| STORED DATA |
==*==

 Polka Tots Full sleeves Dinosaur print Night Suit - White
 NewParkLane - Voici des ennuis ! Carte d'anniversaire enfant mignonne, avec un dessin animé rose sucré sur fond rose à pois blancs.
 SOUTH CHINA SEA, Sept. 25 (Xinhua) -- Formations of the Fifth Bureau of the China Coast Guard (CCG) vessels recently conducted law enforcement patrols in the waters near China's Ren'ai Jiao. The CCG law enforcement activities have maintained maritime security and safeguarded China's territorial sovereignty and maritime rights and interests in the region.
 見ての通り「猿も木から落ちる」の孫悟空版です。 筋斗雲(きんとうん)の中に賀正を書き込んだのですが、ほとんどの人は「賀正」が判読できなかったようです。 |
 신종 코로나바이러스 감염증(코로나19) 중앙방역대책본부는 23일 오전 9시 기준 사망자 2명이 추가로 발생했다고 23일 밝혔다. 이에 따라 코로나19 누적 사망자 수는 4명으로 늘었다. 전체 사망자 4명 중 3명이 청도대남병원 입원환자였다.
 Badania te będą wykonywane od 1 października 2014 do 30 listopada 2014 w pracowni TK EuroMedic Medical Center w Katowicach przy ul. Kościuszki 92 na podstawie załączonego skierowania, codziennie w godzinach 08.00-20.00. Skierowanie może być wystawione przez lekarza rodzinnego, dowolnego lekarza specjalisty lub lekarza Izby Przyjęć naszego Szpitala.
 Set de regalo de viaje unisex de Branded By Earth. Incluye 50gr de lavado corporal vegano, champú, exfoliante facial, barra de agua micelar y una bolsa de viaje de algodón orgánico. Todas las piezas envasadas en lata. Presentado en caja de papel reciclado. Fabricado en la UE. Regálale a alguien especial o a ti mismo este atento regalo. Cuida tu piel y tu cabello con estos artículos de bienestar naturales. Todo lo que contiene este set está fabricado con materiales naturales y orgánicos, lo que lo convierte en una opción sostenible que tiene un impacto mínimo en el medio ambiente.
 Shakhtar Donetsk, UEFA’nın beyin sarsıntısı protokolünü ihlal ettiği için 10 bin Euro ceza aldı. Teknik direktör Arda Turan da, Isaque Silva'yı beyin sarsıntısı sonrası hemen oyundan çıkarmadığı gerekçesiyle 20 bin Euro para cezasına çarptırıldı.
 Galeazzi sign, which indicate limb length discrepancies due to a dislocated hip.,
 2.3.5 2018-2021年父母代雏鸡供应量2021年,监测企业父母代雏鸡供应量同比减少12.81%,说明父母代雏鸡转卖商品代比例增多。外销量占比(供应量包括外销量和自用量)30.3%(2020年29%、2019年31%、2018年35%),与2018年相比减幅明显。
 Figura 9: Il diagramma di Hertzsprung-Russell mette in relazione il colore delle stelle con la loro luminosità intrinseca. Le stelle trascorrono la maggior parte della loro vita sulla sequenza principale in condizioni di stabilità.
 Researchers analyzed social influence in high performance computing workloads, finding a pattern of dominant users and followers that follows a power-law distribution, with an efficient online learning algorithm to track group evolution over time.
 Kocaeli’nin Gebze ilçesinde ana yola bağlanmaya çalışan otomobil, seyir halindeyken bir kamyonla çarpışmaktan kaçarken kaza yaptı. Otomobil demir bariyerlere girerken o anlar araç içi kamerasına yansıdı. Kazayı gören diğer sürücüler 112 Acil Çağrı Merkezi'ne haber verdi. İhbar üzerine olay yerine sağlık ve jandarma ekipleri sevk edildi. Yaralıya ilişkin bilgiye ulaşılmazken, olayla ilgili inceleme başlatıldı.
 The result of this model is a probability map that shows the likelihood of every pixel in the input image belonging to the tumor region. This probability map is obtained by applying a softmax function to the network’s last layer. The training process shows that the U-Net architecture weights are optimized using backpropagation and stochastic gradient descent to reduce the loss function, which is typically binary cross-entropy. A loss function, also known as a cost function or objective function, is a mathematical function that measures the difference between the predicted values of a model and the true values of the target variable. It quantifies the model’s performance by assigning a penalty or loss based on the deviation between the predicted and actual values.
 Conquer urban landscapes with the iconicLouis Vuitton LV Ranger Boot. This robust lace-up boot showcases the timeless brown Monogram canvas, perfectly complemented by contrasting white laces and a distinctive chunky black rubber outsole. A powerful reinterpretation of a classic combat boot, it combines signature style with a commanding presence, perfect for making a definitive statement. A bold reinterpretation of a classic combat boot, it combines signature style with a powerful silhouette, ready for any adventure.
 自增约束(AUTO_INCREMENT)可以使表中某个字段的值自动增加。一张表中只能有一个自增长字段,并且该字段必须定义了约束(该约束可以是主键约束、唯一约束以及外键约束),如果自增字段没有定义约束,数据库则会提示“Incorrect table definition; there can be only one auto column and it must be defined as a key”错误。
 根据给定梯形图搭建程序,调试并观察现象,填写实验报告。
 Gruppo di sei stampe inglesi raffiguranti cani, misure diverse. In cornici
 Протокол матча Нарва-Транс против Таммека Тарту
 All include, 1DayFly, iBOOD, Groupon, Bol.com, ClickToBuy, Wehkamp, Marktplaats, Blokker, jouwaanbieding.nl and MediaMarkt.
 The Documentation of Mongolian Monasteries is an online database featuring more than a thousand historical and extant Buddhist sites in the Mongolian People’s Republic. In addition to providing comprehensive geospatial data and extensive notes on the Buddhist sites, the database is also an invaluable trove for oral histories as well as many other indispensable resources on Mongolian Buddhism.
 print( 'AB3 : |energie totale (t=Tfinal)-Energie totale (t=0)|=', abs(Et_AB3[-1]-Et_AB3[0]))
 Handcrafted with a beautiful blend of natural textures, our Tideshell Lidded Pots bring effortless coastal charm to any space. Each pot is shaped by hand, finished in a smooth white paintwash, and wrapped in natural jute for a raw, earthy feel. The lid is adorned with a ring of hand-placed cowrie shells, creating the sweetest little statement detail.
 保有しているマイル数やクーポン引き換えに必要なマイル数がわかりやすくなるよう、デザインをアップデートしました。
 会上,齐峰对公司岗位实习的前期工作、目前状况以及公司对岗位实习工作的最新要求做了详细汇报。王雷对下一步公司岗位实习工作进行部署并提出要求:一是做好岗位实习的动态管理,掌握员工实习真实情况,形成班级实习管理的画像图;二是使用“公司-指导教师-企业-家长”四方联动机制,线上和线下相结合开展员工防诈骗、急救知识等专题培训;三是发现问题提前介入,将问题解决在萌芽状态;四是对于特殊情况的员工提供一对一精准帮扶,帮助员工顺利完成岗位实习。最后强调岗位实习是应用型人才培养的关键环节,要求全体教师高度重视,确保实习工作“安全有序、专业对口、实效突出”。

==*==

| AIM OF THE EXERCISE |
Could you find each line in the entries that contains the string "print" and copy it?

| SOLUTION FOR THIS TASK |
 Polka Tots Full sleeves Dinosaur print Night Suit - White
 print( 'AB3 : |energie totale (t=Tfinal)-Energie totale (t=0)|=', abs(Et_AB3[-1]-Et_AB3[0]))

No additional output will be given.